Ma come potrà il poveretto farsi prendere altrettanto sul serio, avendo alle spalle un Paese e soprattutto un governo ai quali la Commissione europea rimprovera, inascoltata da tempo, una gestione irresponsabile dei conti pubblici? il rapporto reso noto ieri a Bruxelles conferma i guai della nostra finanza pubblica: 1) il rapporto deficit/pil continua a volare ben oltre la soglia del 3%; 2) il debito ha smesso di scendere e, anzi, sta per tornare a crescere; 3) tutto ciò, quindi, postula presto una forte manovra correttiva. Questo insistente stillicidio di cifre negative sull'Italia da parte della Commissione di Bruxelles ha un preciso obiettivo: quello di preparare il terreno all'apertura di una solenne e formale procedura d'infrazione alle regole dell'Unione contro il governo di Roma.
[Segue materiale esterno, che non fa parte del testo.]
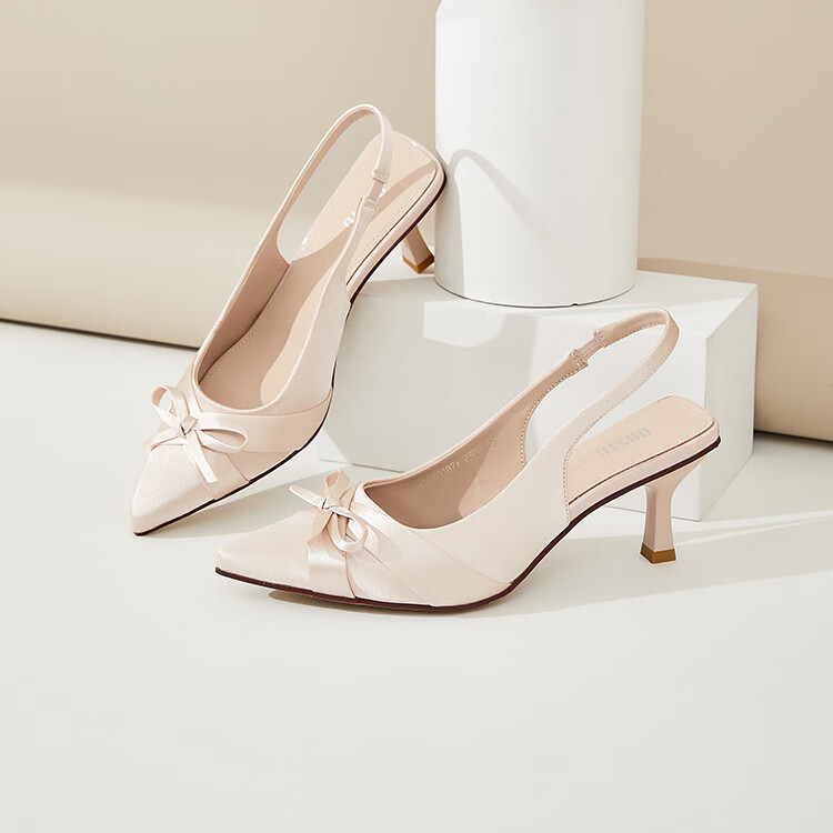 大东(dusto)后空高跟凉鞋女款2025新款夏季仙女风小个子显高尖头单鞋0187 肤色 36

Decisione, del resto, ormai alle viste per la prossima settimana. In questo scenario, naturalmente, nulla vieta al nostro ministro degli Esteri di fare la faccia feroce nel negoziato sul bilancio, ma Fini coltiva una penosa illusione se crede di poter impressionare i suoi interlocutori. Affinché l'Italia e le sue magari giustificate richieste siano prese sul serio in Europa occorrerebbe che il patrio governo potesse dimostrare una non meno seria pagella per quanto riguarda la conduzione dei conti pubblici.

Così, purtroppo, non è stato nel recente passato e ancor meno lo è nel presente. Come, giusto ieri, ha dovuto confermare lo stesso ministero dell'Economia annunciando che il fabbisogno del mese appena concluso è stato di 14,8 miliardi di euro contro i 9,8 del maggio dello scorso anno. Cinque tondi miliardi in più, che seppelliscono definitivamente l'ottimismo di maniera con il quale il ministro Siniscalco insiste nel dire che la situazione è sotto controllo. Il fatto è che a Bruxelles non si possono raccontare le stesse panzane con le quali Berlusconi e soci si sono abituati a imbonire gli italiani sul compiacente set di «Porta a Porta».

E qui si arriva al punto più dolente. La maggioranza tenta di infilare di soppiatto, in un provvedimento pomposamente intitolato al recupero di competitività, la bella trovata di fare cassa con una sorta di enfiteusi dei litorali e con la licenza di aprire casinò a volontà. Simili comportamenti di finanza acrobatica sviliscono l'immagine del Paese, ne danneggiano la credibilità, ne sabotano il potere negoziale in qualunque sede internazionale.